There is no one answer...and your comfort with a specific length should be a secondary consideration to the situation.

If I'm dredging for tarpon in really deep water with sinking lines I'll use a 4 ft leader...but those same fish in shallow water feeding on top I would have at least a 9 ft leader and probably longer. 

The situation dictates my length of leader. Preparation means you would be ready for whatever situation so it is good to develop competency with at least 12 ft leaders...the time to learn isn't on a bright sunny day with skittish leader shy fish. 

Welcome to fly fishing...enjoy the greatest form of sport fishing.


----------



## southpaw (Feb 25, 2009)

I generally use a 9' leader with a 2-3' tippet. I mostly just go after redfish though and have never really tried anything else so it may not be the best thing to use but seems to work alright for me even at close ranges.


----------



## skinnywaterfishin (Jul 1, 2015)

Not a dumb question at all....it's a lifetime of learning..don't ever hesitate to ask.

I use a 9' leader for the salt and make my own in 3 sections...typically a 20-30 lb butt, 15-20 lb. midsection and then 10-12 lb.


----------



## Ripin' Lips (Jul 3, 2012)

all great responses. you should be ok with a 9ft leader here in TX unless you are fishing in gin clear water, then you may want to go longer.
I think most of the fly guys tie their own leaders so each will be a little different in terms of test pound line but generally they are 3 sections about 2-3ft per section. I prefer a heavier butt and midsection to help the larger flies turn over a bit better. Not sure if this is common with everyone or just my style of casting. I may even tie a 4 section leader going from 60-40-30-20/15 depending on conditions and species.


----------



## Rob S (Jan 8, 2007)

I have used as short as 4-6' and from 9-12'. For inshore redfish and specks 9' leader will be fine. When I target sheepies I tend to like 10-12ft leaders.


----------



## bugchunker (Dec 23, 2013)

*leaders*

I agree with everyone else. A 9' leader is a good place to start, it will meet 99% of your needs. As for tying your own, they work fine but a pain. I found Cabela's sell a store brand 4 pack for about $10. I buy the 9'taper 10lb test. Then I cut off about 2' and add a 2' bite tippet of 15lb. mono or fluro whichever you like. When the tippet gets too short I replace it. So one leader will last a long time. 
If your after Redfish in less than gin clear water you can go real cheap and use 6' of 30lb and 3' of 15lb and call it good. Used it many times in Trinity bay.
Best thing is don't over think your leader. Presentation is much more important.


----------



## Worm Drowner (Sep 9, 2010)

9' is a good start, but consider if the fly is turning over or not. If not, you may want to shorten up a bit. Some flies are easier to cast with a long leader than others.


----------



## karstopo (Jun 29, 2009)

I make mine typically out of 6-7 feet of 30 or 40 pound fluorocarbon butt and 4-5 feet of 15-20 pound tippet. When I get to about 2 feet of tippet, I usually replace. Old butt sections work well for weed guards on flies. 
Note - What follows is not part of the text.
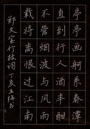 亭亭画舸系春潭,直到行人酒半酣。出自北宋郑文宝所创作的一首七言绝句《柳枝词》,该诗写离恨,用了反衬手法寄寓了作者离别时的不舍。该诗意境优美,情感真挚,实际上是借对友人的毫无道理的埋怨进一步抒发自己依依不舍的真挚情谊。

I use this for redfish, trout, flounder, drum, in marsh, bay, jetty and surf. Only caught a few bluefish and Spanish mackerel but I usually have a couple of wire bite tippets handy.


----------



## southpaw (Feb 25, 2009)

I tied my own leaders for a little bit, but then I found these and stocked up on them.

http://www.sierratradingpost.com/sc...ly~tippet andand leader;16 lb/&colorFamily=01

I had a coupon code that knocked them down to under $3 per pack. Since I use a a tippet, the actual leader lasts me forever. Assuming a fish doesn't run me across some oyster or I decide to be a dingus and tie knots in my leader with some tailing loops


----------



## Ripin' Lips (Jul 3, 2012)

you will still want to learn to tie your own leaders. I bought the tapered leaders and they work fine but there will be a day when you are on the boat and break your last leader. I feel like using as store bought leader is like putting a bumper sticker on a Ferrari when you start tying your own flies.


----------



## Meadowlark (Jul 19, 2008)

Ripin' Lips said:


> you will still want to learn to tie your own leaders. ....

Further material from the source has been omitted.